Hace unas semanas halló una insignia de peregrino de la Edad Media, arrojada al río hace unos 600 años y que lleva la imagen de San Osmund de Salisbury
Lara Maiklem derrocha energía desde el momento en el que da los buenos días. Habla rápido, gesticula, es toda intensidad. Y, sin embargo, es capaz de pasarse horas mirando entre el barro de las orillas del Támesis en busca de tesoros, en una labor solitaria que necesita, sobre todo, paciencia, buen ojo y el conocimiento necesario para reconocer piezas con siglos de existencia. Ella es una de las más famosas de entre 1.500 personas acreditadas por la Autoridad Portuaria de Londres como «mudlarks», que son quienes buscan objetos de valor histórico, no siempre económico, en el lodazal, una actividad prohibida para el resto de la población. «Es una experiencia sensorial», explica Maiklem, que recoge aquello que a lo largo de los siglos ha caído al río, con o sin intención, y que la marea deja en sus márgenes esperando quien lo descubra.
«Esta es una forma única de ver la historia, cada objeto que encuentras cuenta algo», explica en conversación con ABC la también autora del libro «Mudlarking: Lost and Found on the River Thames», publicado por Bloomsbury el año pasado, y que es un retrato arqueológico fuera de los parámetros conocidos. Maiklem lleva 15 años desarrollando su labor con acreditación, pero su origen se remonta a su infancia en una granja. «De pequeña pasé mucho tiempo sola, en la naturaleza, y me convertí en una excelente compañía para mí misma», dice, y añade que encuentra «paz en la soledad». Fue así como al mudarse de la campiña inglesa a la metrópoli londinense cuando tenía 23 años, descubrió en las orillas del Támesis el sitio de calma que tanto echaba de menos, ya que Londres le pareció entonces «una locura». Así fue como conectó con el río, al que adora y que califica de «fascinante», ya que tiene entre sus aguas y su fondo de barro más de 2.000 años de historia.

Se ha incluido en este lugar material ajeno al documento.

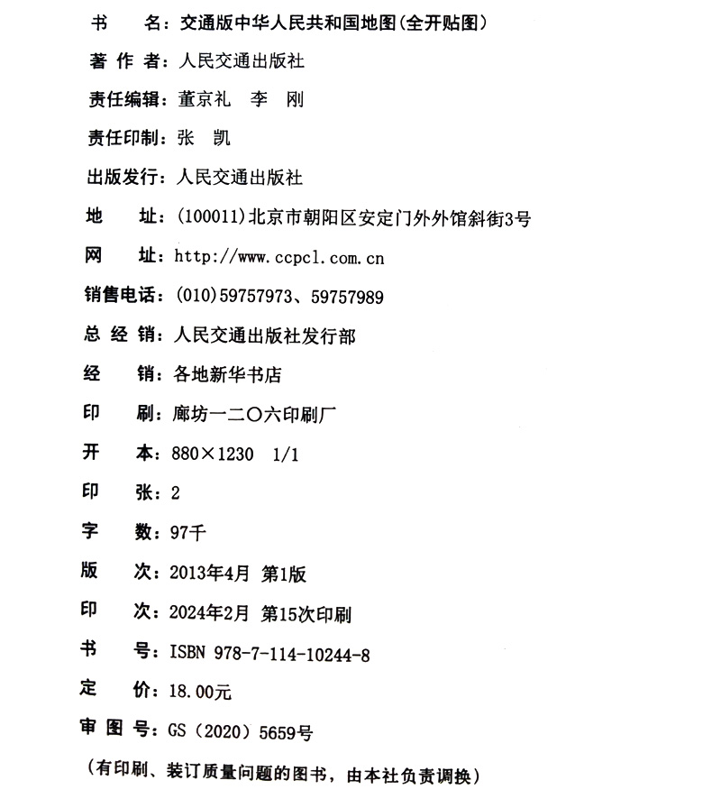 书名:中华人民共和国地图(全开精装贴图)(2024版)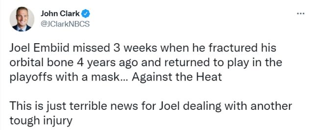 76人官宣:恩比德遭遇右眼眶骨折和轻微脑震荡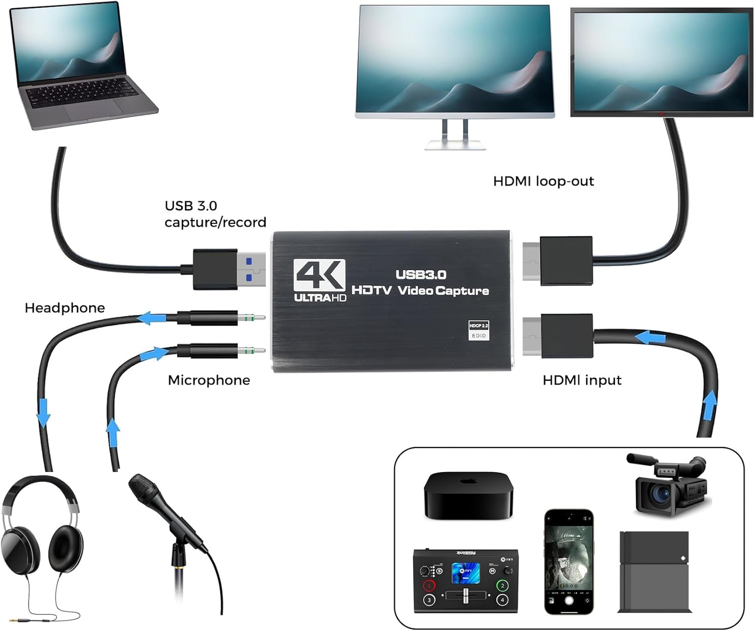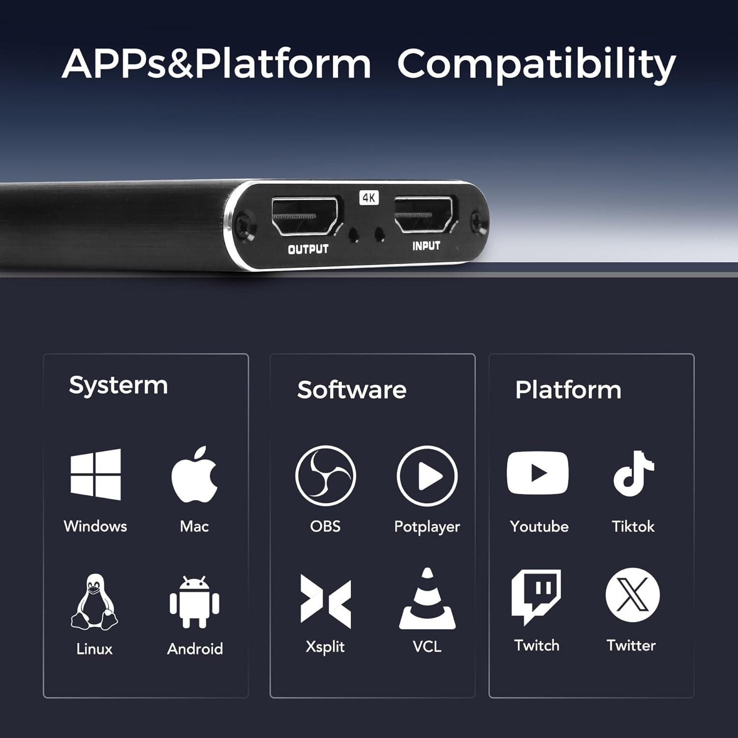 - 【Wide Compatibility & Streaming Software Support】This 4K HDMI capture card supports Windows, MacOS, Linux, and Android. The capturadora de video works with Nintendo Switch, PS5, DSLR, webcams, and TV boxes. Compatible with OBS Studio, PotPlayer, VLC, and more—perfect for a capture card for streaming and recording.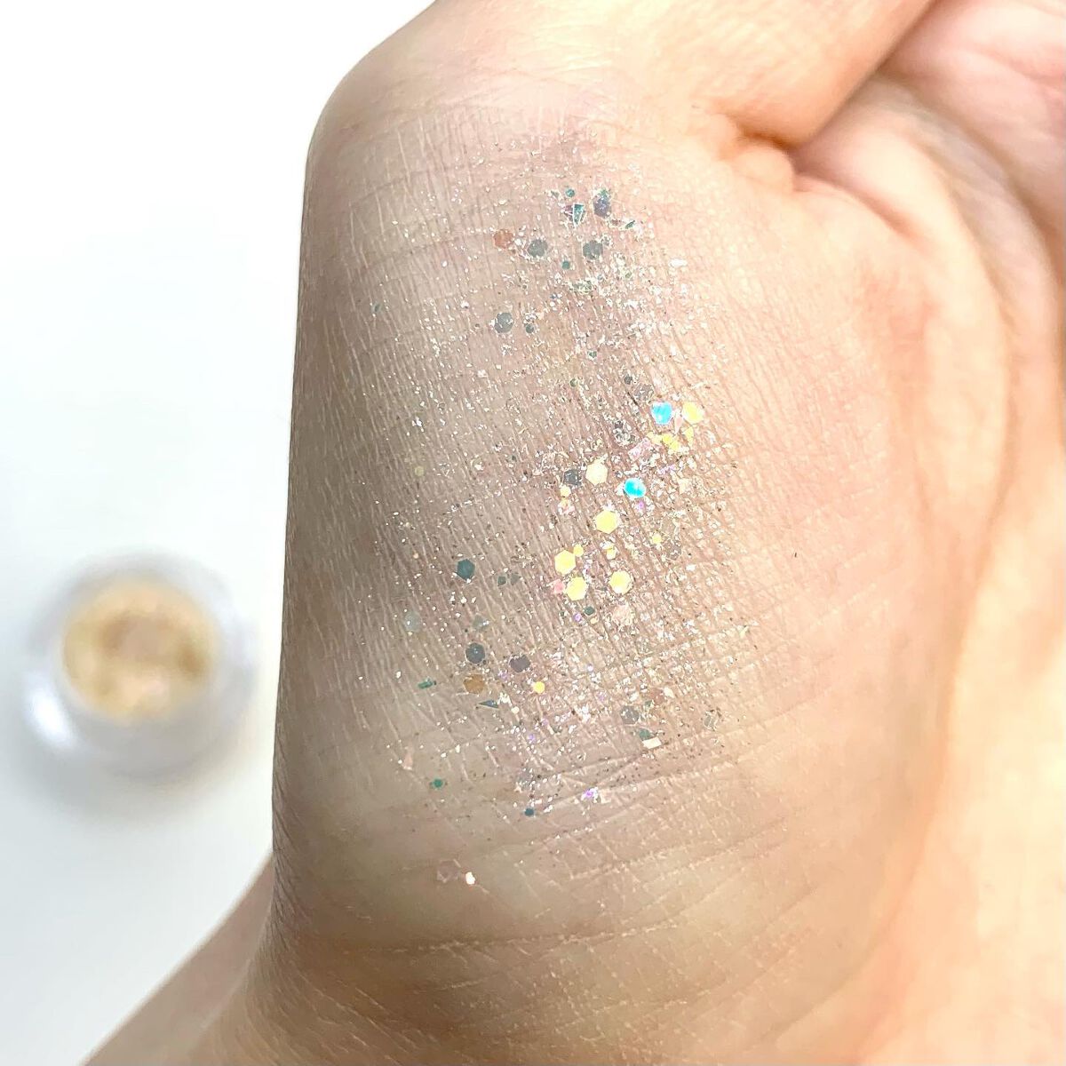 ビッグサイズのグリッターでとびきり輝くGlintのグリッタージェル✨ ウォータージェルフォーミュラで、アイメイクだけでなくチークやボディー、ヘアにも使用できちゃうマルチアイテムなんです🙌 ぽてっとしたジェリータイプのテクスチャーで、大粒のグリッターと細かいラメがぎっしり!光の下や角度によって煌めいて、ラメ好きさんにすごくおすすめ! ウォーターテクスチャーだからしっかり密着してラメ飛びも気になりませんでした。ただ、ラメが多いので落とす時ティッシュでは取りにくい⚡️

«¡En lo que encuentro se cuentan tantas historias! Esto es una llave a otro mundo», dice emocionada, y asegura que para ella es una forma de conectar con la capital británica en un modo distinto, más allá del turismo o los altos edificios de la City.
Pero «el Támesis no es solo Londres», aclara, sino que tiene además áreas más vírgenes e inexploradas, y defiende que, aunque hace algunas décadas fue declarado biológicamente muerto, ahora es uno de los ríos urbanos más limpios del mundo, pese a que lamenta que «seguimos contaminándolo». «Es un organismo vivo, con mareas, con corrientes fuertes debajo de la superficie», un ser «en constante movimiento que estaba antes que nosotros y que seguirá corriendo después de nosotros, eterno» y en el que hay «verdaderos tesoros» del pasado, como monedas, herramientas medievales, juguetes victorianos…
Entre los objetos más sorprendentes que ha encontrado hay bombas sin explotar de la Segunda Guerra Mundial, peines de madera del siglo XVI, ojos de vidrio de principios de siglo hechos a mano y hasta «un cráneo humano que tengo aquí en casa». Las autoridades exigen a los «mudlarks» que informen de cualquier objeto que tenga más de 300 años, pero «nos permiten conservar la mayoría de las cosas que encontramos, aunque no son legalmente nuestras», y muchas acaban en los museos del país. Eso sí: no todo es precisamente bonito, ya que también ha encontrado mucha basura y hasta cadáveres, humanos y animales.
Graduada en Sociología y Antropología Social en la Universidad de Newcastle, hace unas semanas dio con uno de sus objetos más esperados: una insignia de peregrino de la Edad Media. Entonces se fabricaban y se vendían como recuerdo en los santuarios medievales que visitaban los peregrinos, entre ellos Jerusalén o Santiago de Compostela, y los viajeros las lucían con orgullo «en sus capas y sombreros». La suya fue arrojada al Támesis hace unos 600 años y lleva la imagen de San Osmund de Salisbury, patrón de los enfermos mentales. «Lo más bello es que cuando sales a buscar en el barro, nunca sabes con qué vas a regresar», concluye esta buscadora de tesoros.